Department of Statistics and Data Science, National University of Singapore, Singapore 117546, Republic of Singapore.
Yau Mathematical Sciences Center, Jingzhai, Tsinghua University, Beijing 100084, China.
Proc Natl Acad Sci U S A. 2024 Sep 10;121(37):e2400002121. doi: 10.1073/pnas.2400002121. Epub 2024 Sep 3.
Single-cell RNA sequencing (scRNA-seq) data, susceptible to noise arising from biological variability and technical errors, can distort gene expression analysis and impact cell similarity assessments, particularly in heterogeneous populations. Current methods, including deep learning approaches, often struggle to accurately characterize cell relationships due to this inherent noise. To address these challenges, we introduce scAMF (Single-cell Analysis via Manifold Fitting), a framework designed to enhance clustering accuracy and data visualization in scRNA-seq studies. At the heart of scAMF lies the manifold fitting module, which effectively denoises scRNA-seq data by unfolding their distribution in the ambient space. This unfolding aligns the gene expression vector of each cell more closely with its underlying structure, bringing it spatially closer to other cells of the same cell type. To comprehensively assess the impact of scAMF, we compile a collection of 25 publicly available scRNA-seq datasets spanning various sequencing platforms, species, and organ types, forming an extensive RNA data bank. In our comparative studies, benchmarking scAMF against existing scRNA-seq analysis algorithms in this data bank, we consistently observe that scAMF outperforms in terms of clustering efficiency and data visualization clarity. Further experimental analysis reveals that this enhanced performance stems from scAMF's ability to improve the spatial distribution of the data and capture class-consistent neighborhoods. These findings underscore the promising application potential of manifold fitting as a tool in scRNA-seq analysis, signaling a significant enhancement in the precision and reliability of data interpretation in this critical field of study.

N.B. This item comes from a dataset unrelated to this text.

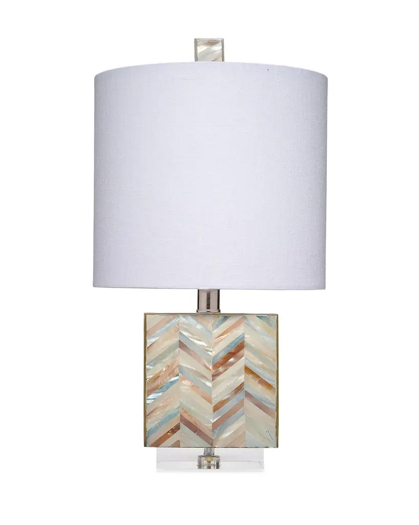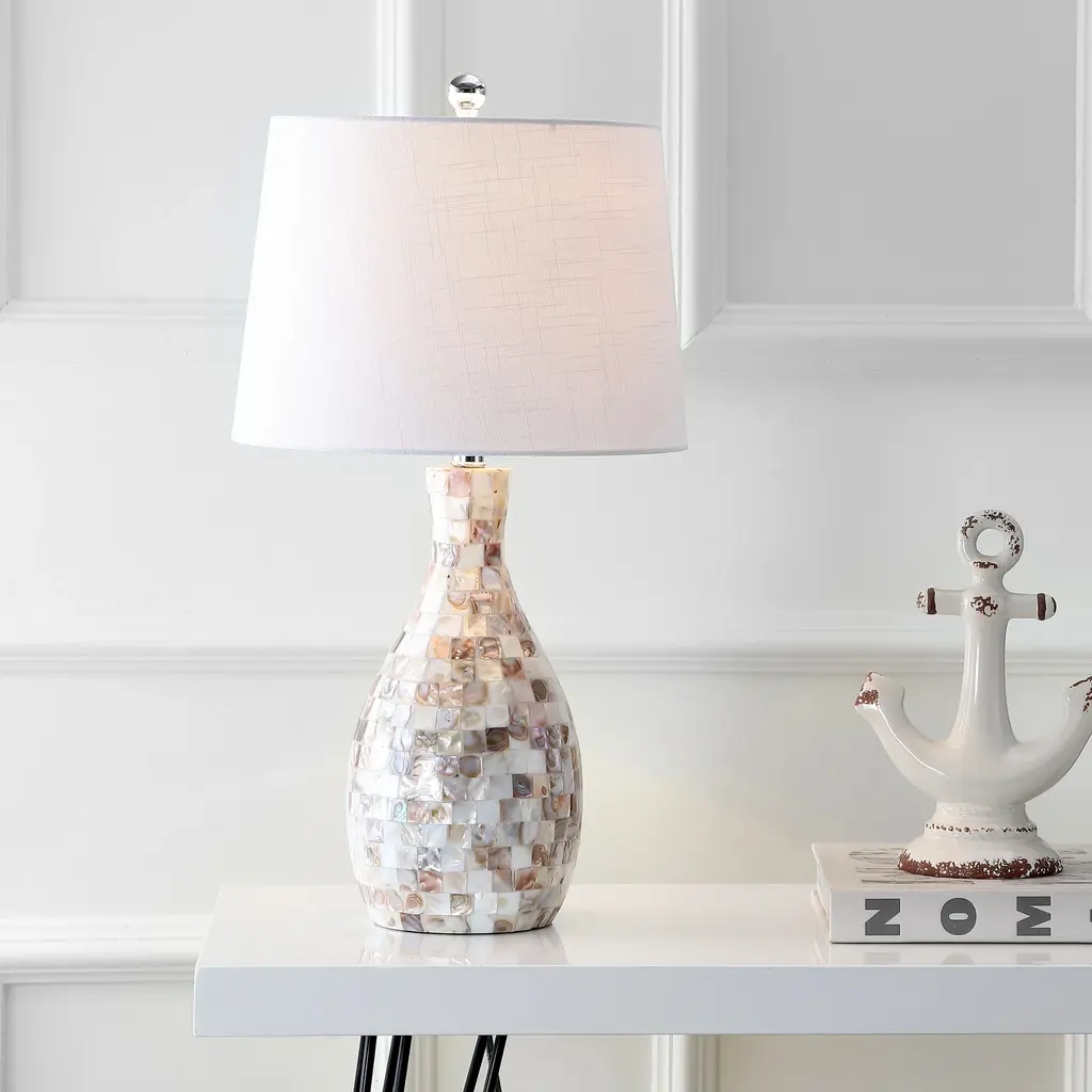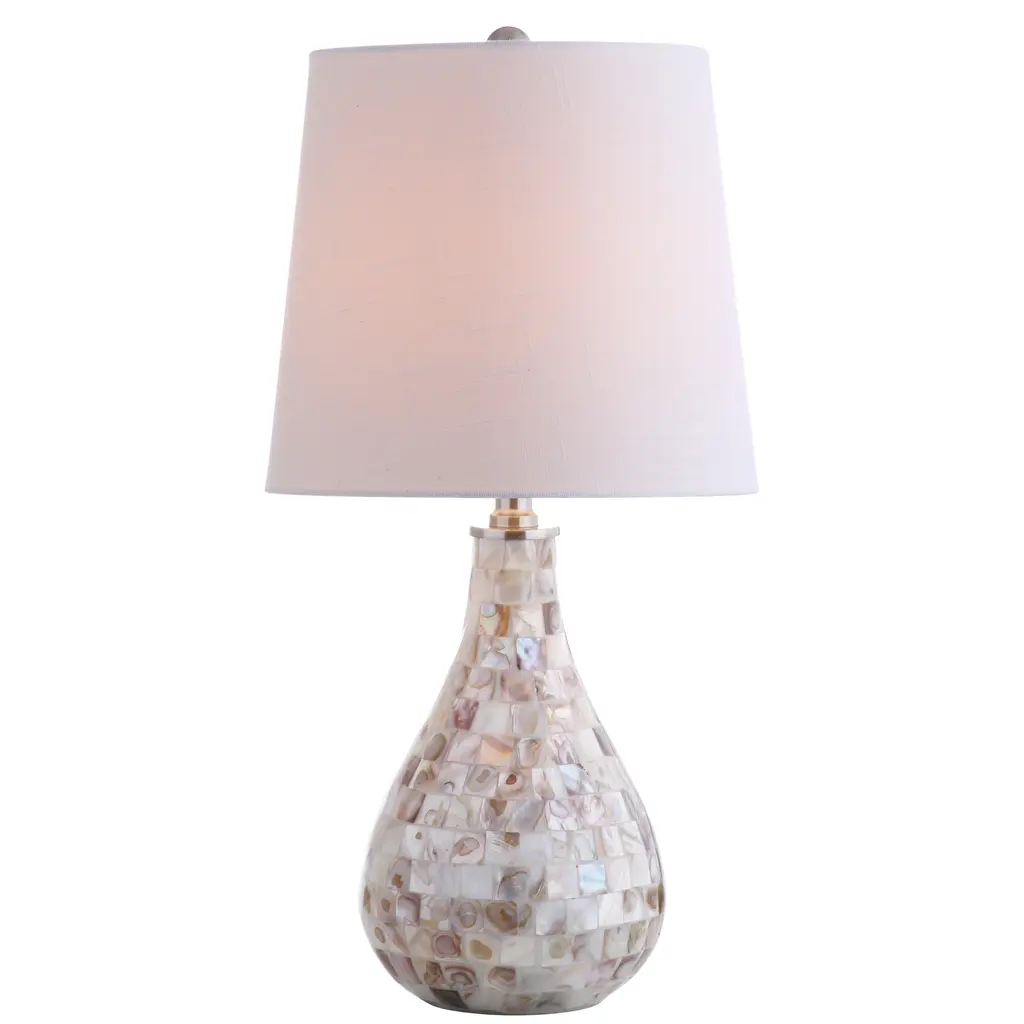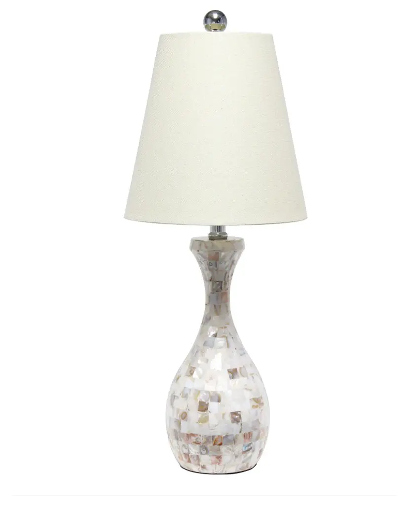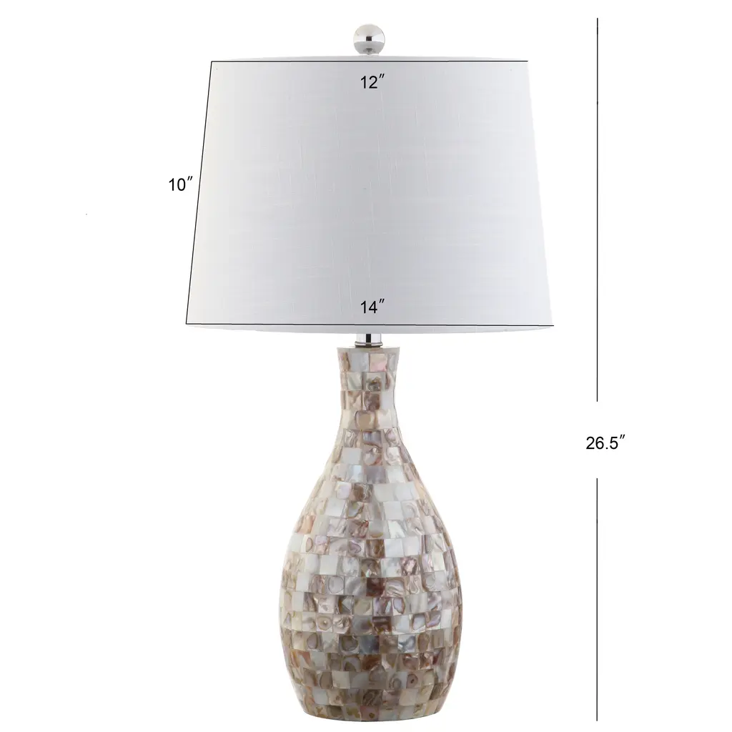 The elegantly curved base of this nearly 27" table lamp is carefully adorned with a mosaic of square capiz shell tiles and chromed accents. A white linen shade balances the look while a silk-wrapped cord provides style all the way to the plug. You'll love how the shells reflect the warm glow of the bulb when illuminated and their many shades of natural beauty from ivory to bronze.

单细胞 RNA 测序 (scRNA-seq) 数据容易受到生物变异性和技术误差产生的噪声的影响,这可能会扭曲基因表达分析并影响细胞相似性评估,特别是在异质群体中。由于这种固有噪声,包括深度学习方法在内的当前方法往往难以准确描述细胞之间的关系。为了解决这些挑战,我们引入了 scAMF(通过流形拟合进行单细胞分析),这是一个旨在提高 scRNA-seq 研究中聚类准确性和数据可视化的框架。scAMF 的核心是流形拟合模块,它通过在环境空间中展开 scRNA-seq 数据来有效地对其进行去噪。这种展开使每个细胞的基因表达向量与其潜在结构更紧密地对齐,从而使它在空间上更接近同一细胞类型的其他细胞。为了全面评估 scAMF 的影响,我们编译了一个由 25 个公开可用的 scRNA-seq 数据集组成的集合,这些数据集涵盖了各种测序平台、物种和器官类型,形成了一个广泛的 RNA 数据库。在我们对该数据库中现有的 scRNA-seq 分析算法的比较研究中,我们一致观察到 scAMF 在聚类效率和数据可视化清晰度方面表现优于其他算法。进一步的实验分析表明,这种增强的性能源于 scAMF 改善数据空间分布和捕获类一致邻域的能力。这些发现突显了流形拟合作为 scRNA-seq 分析工具的应用潜力,表明在这一关键研究领域中,数据解释的精度和可靠性得到了显著提高。